The article, “Canada’s “Genocide” which published in 1999, claims no Canadian body has ever officially taken responsibility, or apologized, for the policies (Michael 445).
However, on June 11, 2008 – Prime Minister Harper offered Canada’s aboriginal peoples an official apology for the government’s involvement in the Indian residential school system and its ongoing policy of forced assimilation. Also, the University of Manitoba apologizes for the century-long assimilation policy – which means stealing a generation. We apologize to our students who are the children, the grandchildren and great-grandchildren of Indian residential school survivors. We apologize to our Indigenous faculty, who has also been directly or indirectly harmed by the Indian residential school system (Kathryn).

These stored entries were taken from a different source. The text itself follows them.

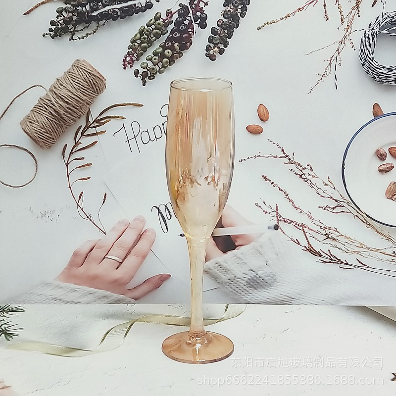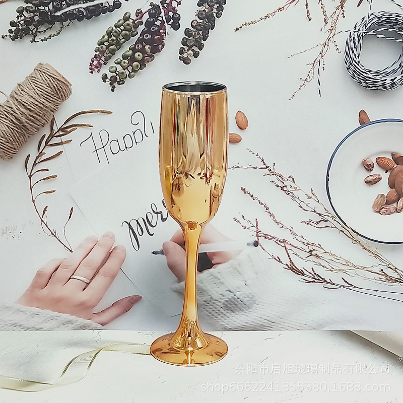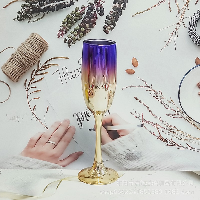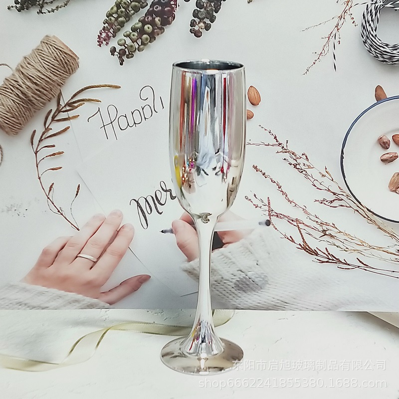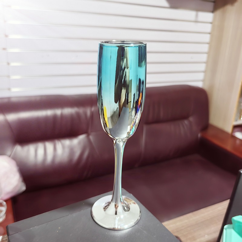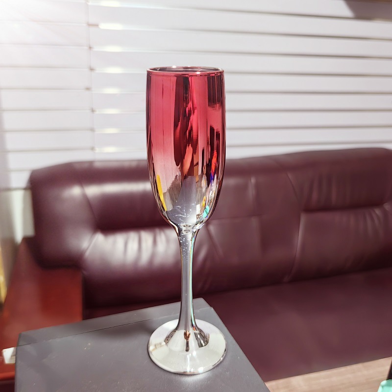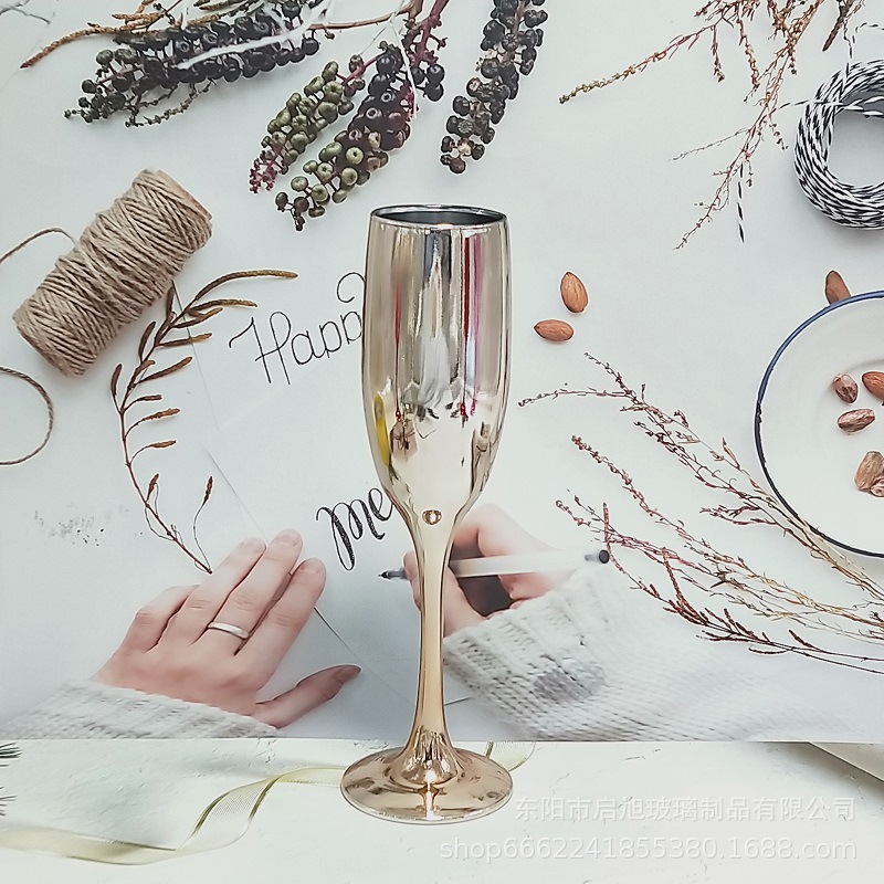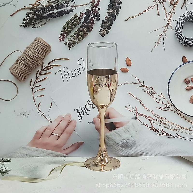厂家直销笛形香槟杯3796电镀工艺品 195ml无铅纳钙玻璃高脚香槟杯
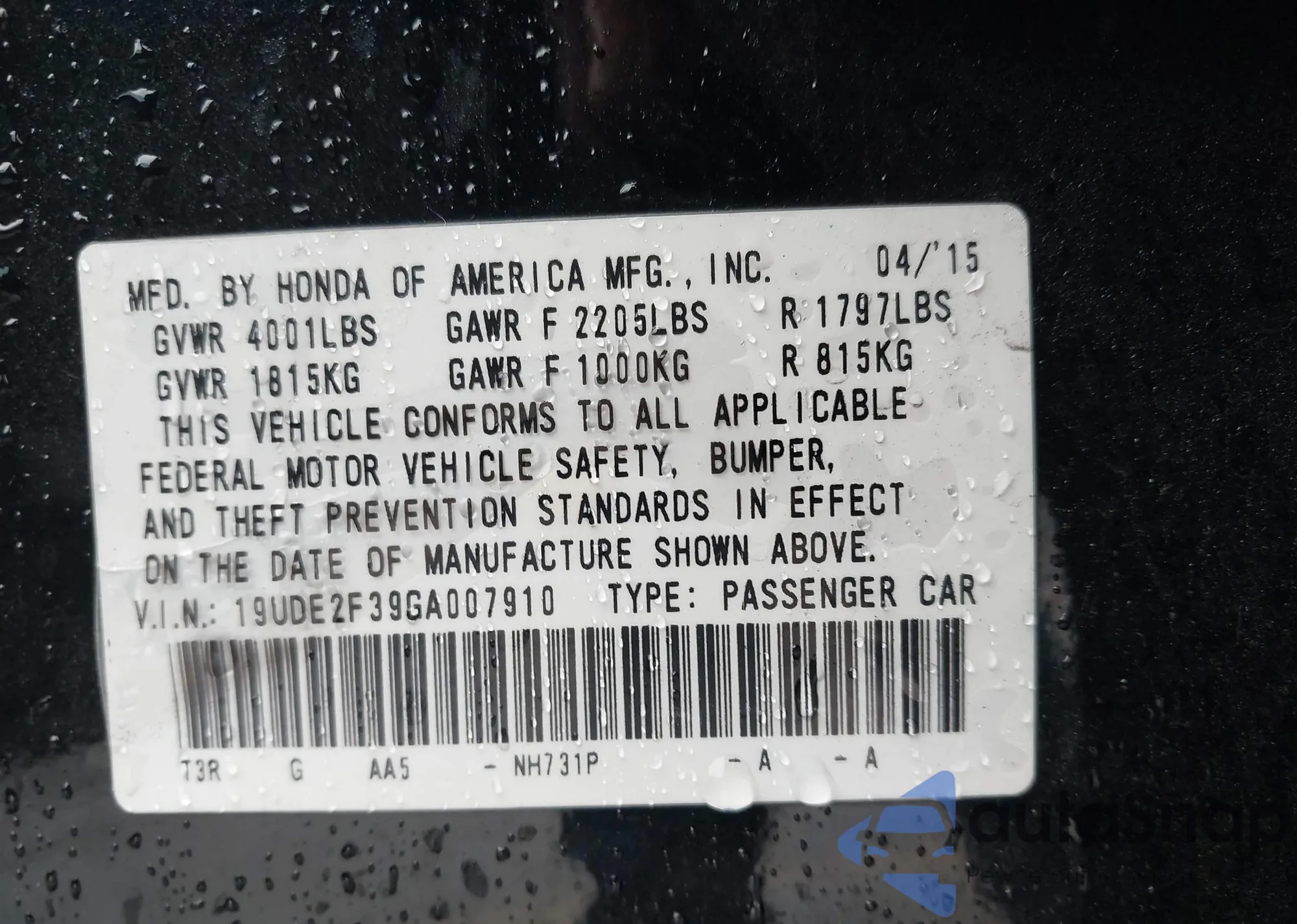 • VIN 19UDE2F39GA007910
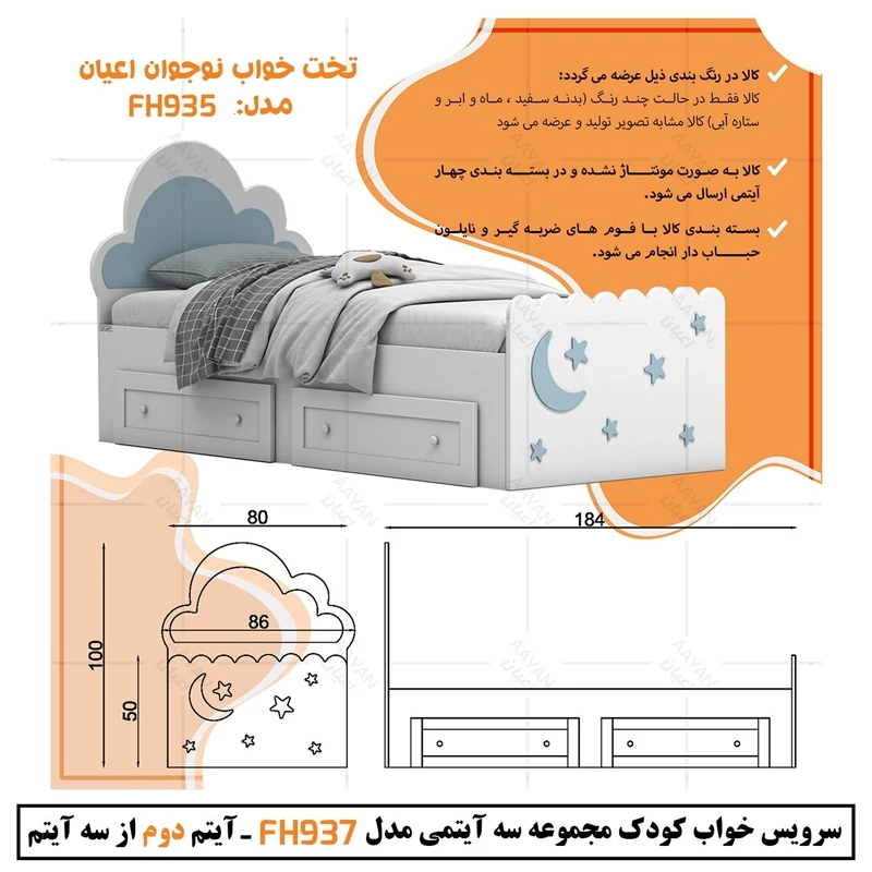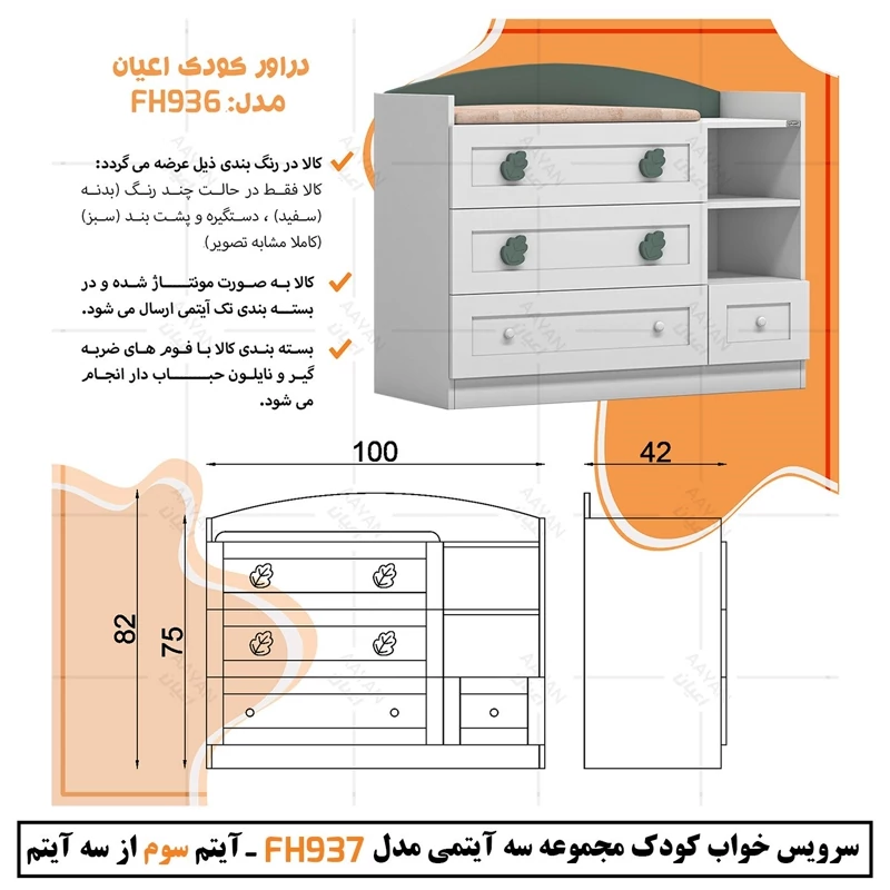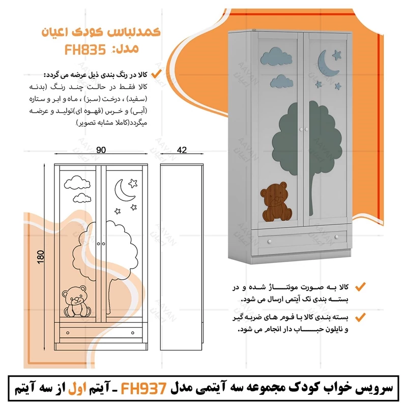سرویس خواب کودک و نوزاد سه آیتمی آیتم اول : کمد لباس کودک اعیان ، جنس بدنه مغزی نئوپان با روکش ملامینه و جنس درب کشوها و درب های کمدی مغزی MDF با روکش وکیوم و همچنین نمای روی درب ها مغزی سه میل با روکش وکیوم است ، دارای دو درب کمدی با طرح آسمان و جنگل ، دارای رگال لباس و دو طبقه متحرک برای روی پین طبقه (قابل برداشتن) و یک کشو ، دستگیره های این کالا از جنس PVC و به شکل توپی می باشد ، این آیتم تنها در حالت چند رنگ ( بدنه و درب ها : سفید ، درخت : سبز ، ماه ، ابر ها و ستاره ها : آبی و خرس : قهوه ای ) تولید و عرضه می گردد. ایتم دوم : تخت خواب کودک و نوجوان اعیان ، جنس کلگی و درب کشو کالا ام دی اف با روکش وکیوم و جنس بغل تخت و کلاف داخلی کشوها نئوپان ملامینه ، طراحی ساده ، شیک و کودکانه (به شکل ابر) ، دارای دو کشو استاندارد با بازشوی چرخ چمدانی (چرخ ساکی) ، ارسال کالا به صورت مونتاژ نشده صورت می گیرد و نیاز به نصب دارد ، کالا فاقد تشک می باشد ، کفی نئوپان و به صورت دو تکه به همراه چند جفت پایه متحرک است ، سایز تشک مناسب برای تخت خواب(180×80 سانتی متر) است، این کالا فقط به صورت چند رنگ ( بدنه سفید و ماه و ابر و ستار ها آبی) تولید و عرضه می شود. آیتم سوم : دراور اعیان ، جنس بدنه : مغزی نئوپان با روکش ملامینه ، جنس درب ها و پشت بند رنگی کالا مغزی ام دی اف با روکش وکیوم ، دارای چهار کشو (سه کشوی بزرگ و یک کشوی کوچک) با بازشوی ریل سه تکه ساچمه ای و دو قفسه می باشد ، دستگیره ها به شکل برگ و از جنس ام دی اف می باشد ، دستگیره ی دو کشو آخر توپی سفید می باشد ، روی کار دارای یک لمسه کرمی رنگ از جنس مخمل جهت (تعویض پوشک کودک) می باشد، این کالا فقط در حالت چند رنگ (بدنه (سفید) پشت بند و دستگیره ها (سبز) و لمسه ی کرمی ) تولید و عرضه می گردد. این کالا را فقط با لوگو و برند اعیان تهیه کنید، لطفا توجه داشته باشید که همواره چند درجه اختلاف رنگ بین تصاویر بارگذاری شده و کالای ساخته شده وجود دارد. برای تهیه کمد لباس کودک به تنهایی (آیتم اول) کد FH835 - تهیه تخت خواب به تنهایی (آیتم دوم) کد FH935 و تهیه دراور به تنهایی (آیتم سوم) کد FH936 را در پنل برند اعیان جست و جو و انتخاب کنید.
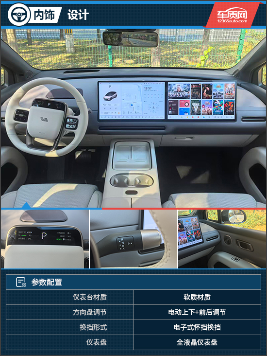 来到车内,评测车采用简约舒适的内饰设计风格,触手可及的地方多为软质材料,方向盘使用皮质材质包裹,质感细腻,舒适体验出众。
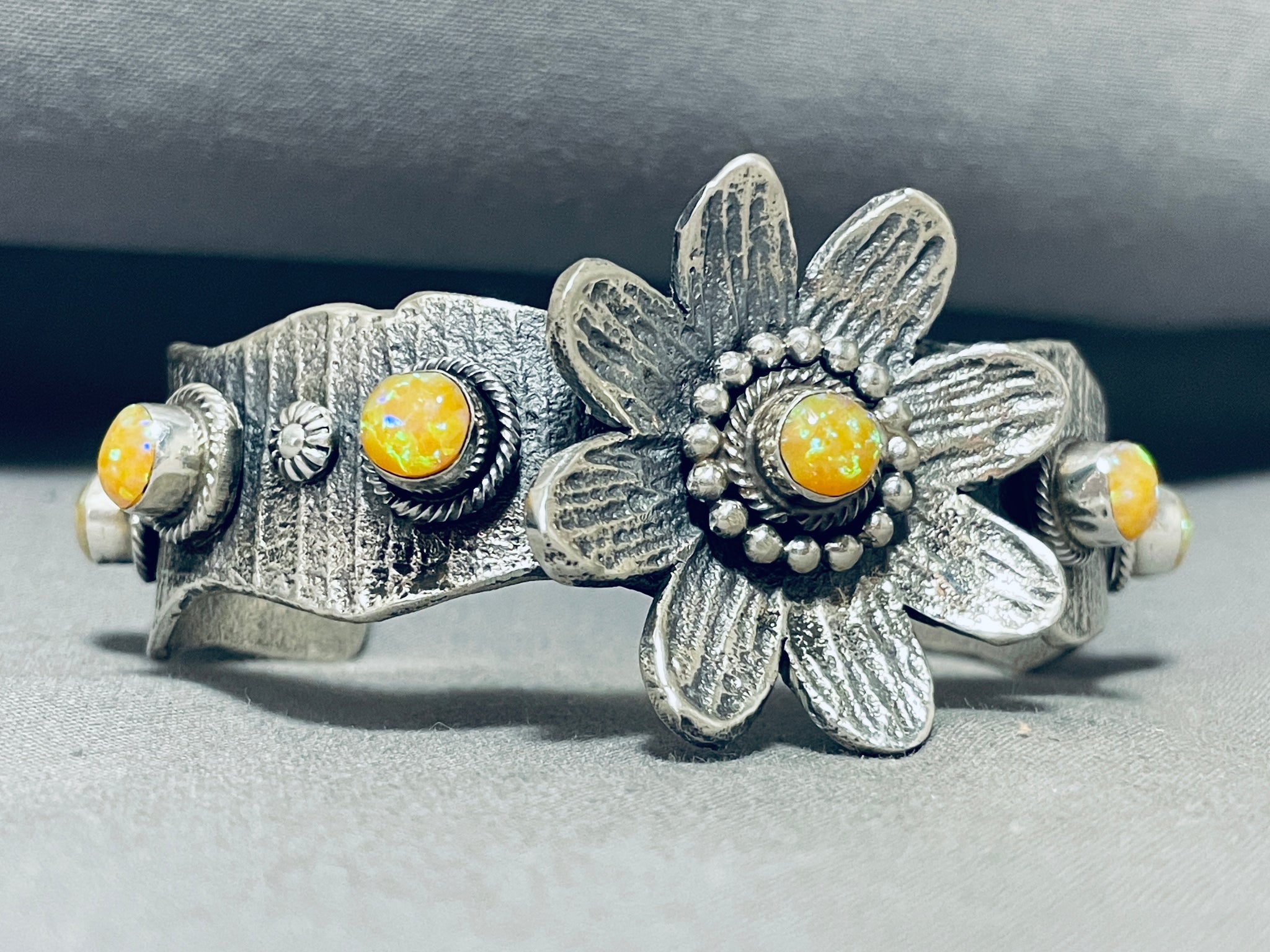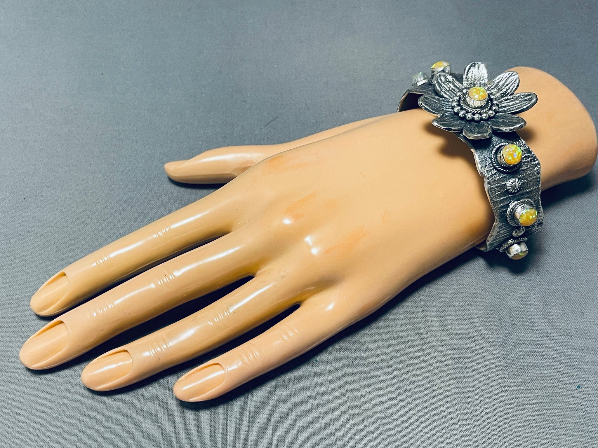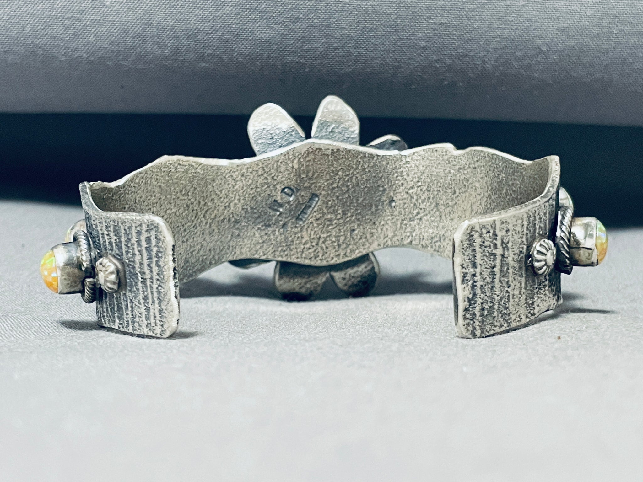 Lovely Native American Navajo Opal Sterling Silver Flower Bracelet

However, for those survivors, they said “We can receive it [the apology], but it’s up to us as individuals to decide if we accept it. There is still healing to go on, and that may take generations to happen. This goes a long way in helping some of us.” (Kathryn).
John S. Milloy pointed out the long-term impacts for those natives. It is clear that the schools have been, arguably, the most damaging of the many elements of Canada’s colonization of this land’s original peoples and, as their consequences still affect the lives of Aboriginal people today, they remain so (Erin).
I believe official apologies made by governments and churches, reliefs some people’s pain in a short way. However, I believe there is still a long way to go. The experiences taken in past years of natives can hardly be forgotten, since it already caused huge impact towards their lives. The only thing we can do, is to study how things have already been done, we can avoid it happen again. That’s the only thing matters.